Initiatives in our spiritual life
We have to take initiatives in developing our spiritual life. We cannot be complacent and passive in this area. We have not been made like robots or automatons that just wait to be switched on before we move. We have to be fully responsible for our spiritual life.
While it's true that our sanctification is first of all a responsibility of God, our Creator and Father, who with the Son and the Holy Spirit, continues to undertake our redemption and sanctification, we as persons and children of God also have to take full responsibility of our duty to be holy.
We should not be remiss of this duty. God is treating us the way he treats himself, precisely because we are children of his, created in his image and likeness. What God is and does, that's what we should also try to be and to do, obviously with God's grace always.
This is not being presumptuous. It's just being consistent to what Christ himself said: “Be perfect as your heavenly father is perfect.” (Mt 5,48) St. Peter in his first letter reiterates the same idea: “As he who called you is holy, be holy yourselves in all your conduct.” (1,15)
But we should not forget that while everything depends on God, everything also depends on us. It's a 100 percent-100 percent proposition, not 50-50, nor any other ratio. God's full responsibility over our sanctification does not detract any bit from our full responsibility over our own sanctification.
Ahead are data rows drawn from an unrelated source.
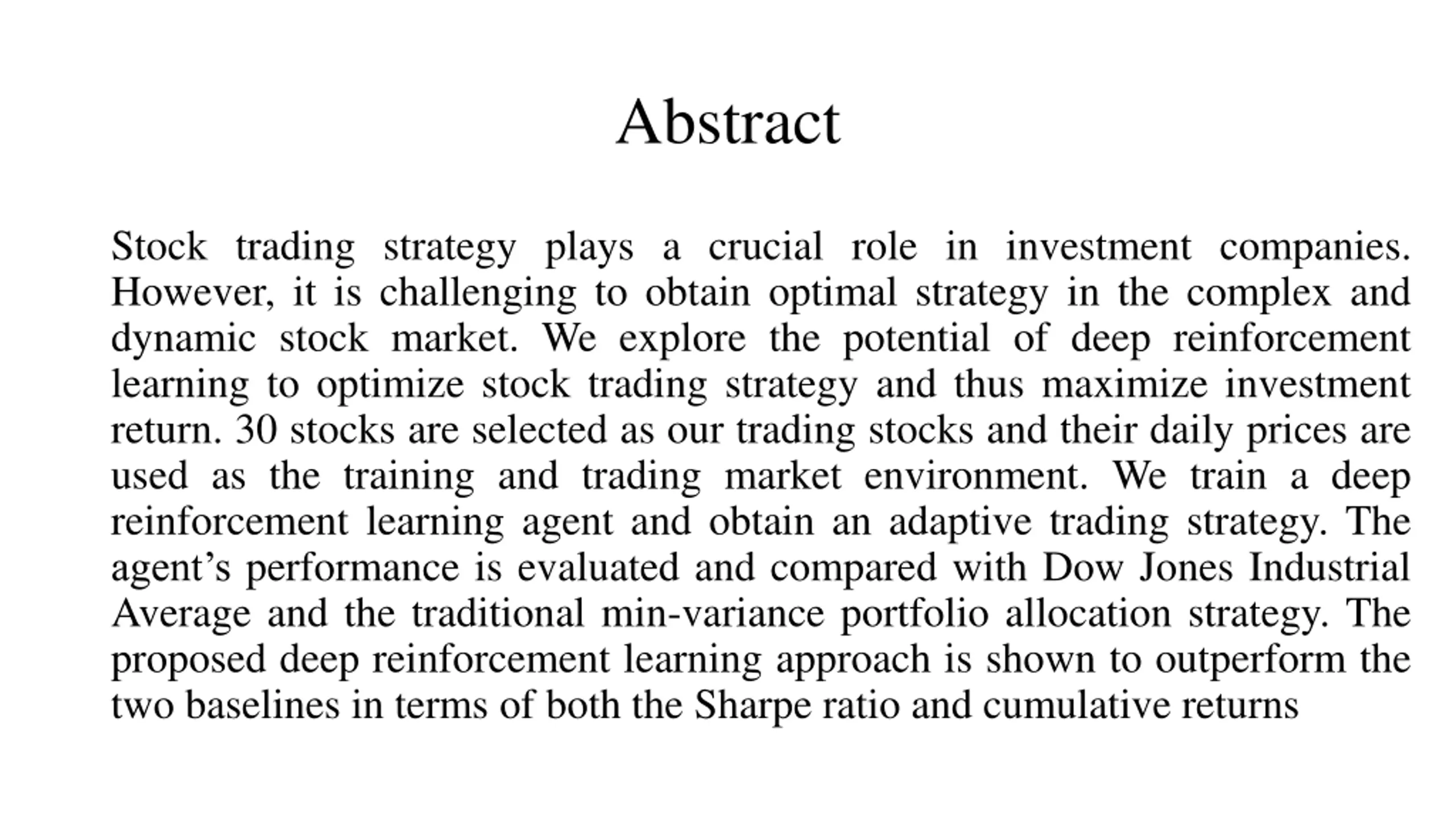 Explore the potential of deep reinforcement learning to optimize stock trading strategies and maximize investment returns. This study evaluates the performance of a deep reinforcement learning agent in comparison to traditional strategies using 30 selected stocks. Results demonstrate outperformance in terms of Sharpe ratio and cumulative returns.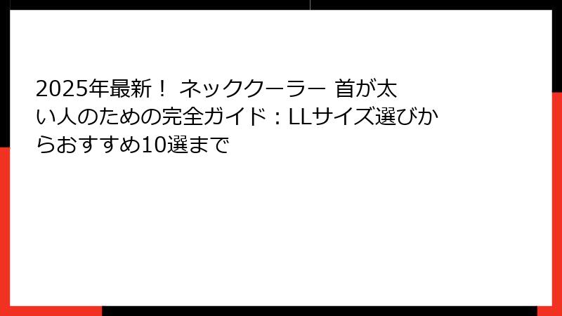 2025年最新! ネッククーラー 首が太い人のための完全ガイド:LLサイズ選びからおすすめ10選まで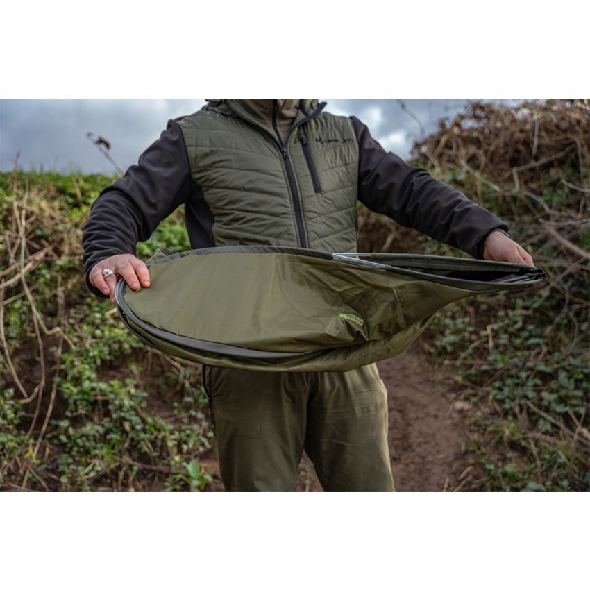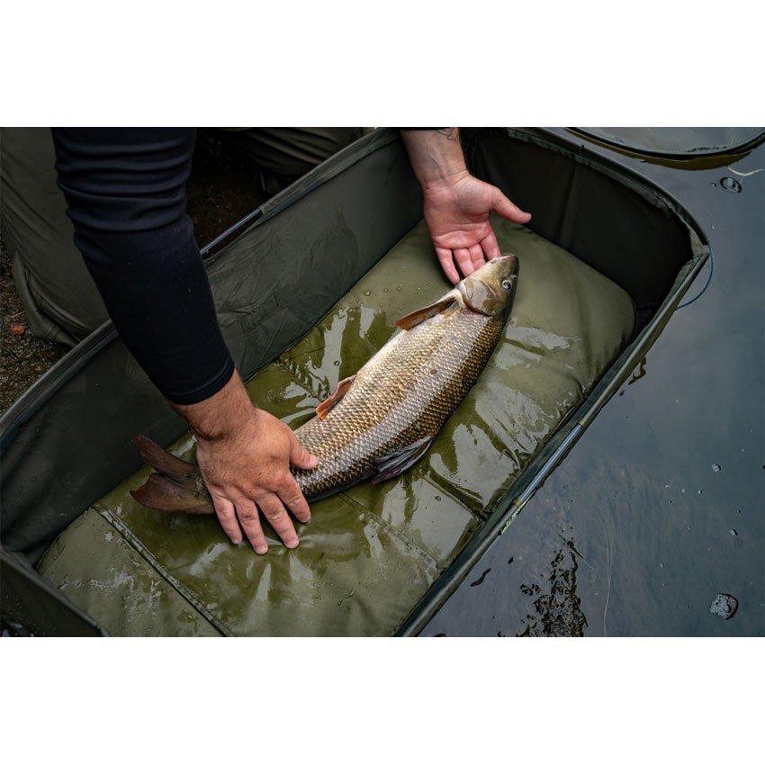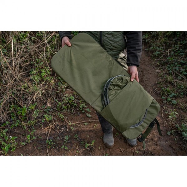 Конструкцията позволява мълниеносно сглобяване: просто развивате рамката, поставяте водоустойчивия подплатен матрак и дюшекът е готов за употреба. Прибира се също толкова лесно. Може да се закача към всички Korum чанти, което го прави идеален за „скитащ“ стил на риболов.

We need to take initiatives in developing our spiritual life. This has to be a personal affair, involving our most intimate human faculties, our intelligence and will, our mind and heart.
We have to be wary of this requirement because we are most vulnerable to go through our spiritual life by just coasting along, mainly dependent on some external support systems that can only give the semblance but not the very substance of holiness. Yes, it is easy to wear a mask of piety.
We can go through the motions of sanctification, making the appearances of prayer, sacrifices, virtues, etc., but still miss the true object—complete albeit dynamic identification with God that, in the end, is what sanctity is all about.
That's why we can see that in spite of our impressive regimen of spiritual exercises and practices of piety, we still can see gaps and inconsistencies, as we easily fall into rash judgments, shy away from sacrifices and occasions of self-denial, secretly splurge on self-indulgence and self-absorption, etc.
We may manage to be impressive in our external piety, in our theological thinking and reasoning, in assuming certain characteristics of a charismatic person, but we may still be far from true holiness. The scribes and Pharisees of old were also good in some forms of piety, but they were far off the mark insofar as holiness is concerned.
To be sure, sanctification is not simply a matter of collecting pious activities, the personal and the popular ones, but rather that through these activities we get to have an actual encounter with the person of Christ who is always intervening in our lives.
True sanctification entails getting involved in God's continuing work of human redemption. It's not just a status. It involves a till-death active cooperation in the saving providence of God for mankind and the whole world.
It would be a real pity if after going through so many pious acts, we still would miss the mark. It would be like what Shakespeare once said: “It is a tale told by an idiot, full of sound and fury, signifying nothing.”
True sanctity involves all aspects of our being. It's not just a matter of good intentions and desires, and nice pious words. It involves our feelings and passions. It is readily shown in our behavior that does not shun from sacrifices and can well tackle heroic challenges and trials.
We have to take initiatives in developing our spiritual life. We can never say enough—that we are already ok. There will always be new challenges. Our weakened and erratic human condition will take care of that. God will always be asking for more even as he gives us more graces.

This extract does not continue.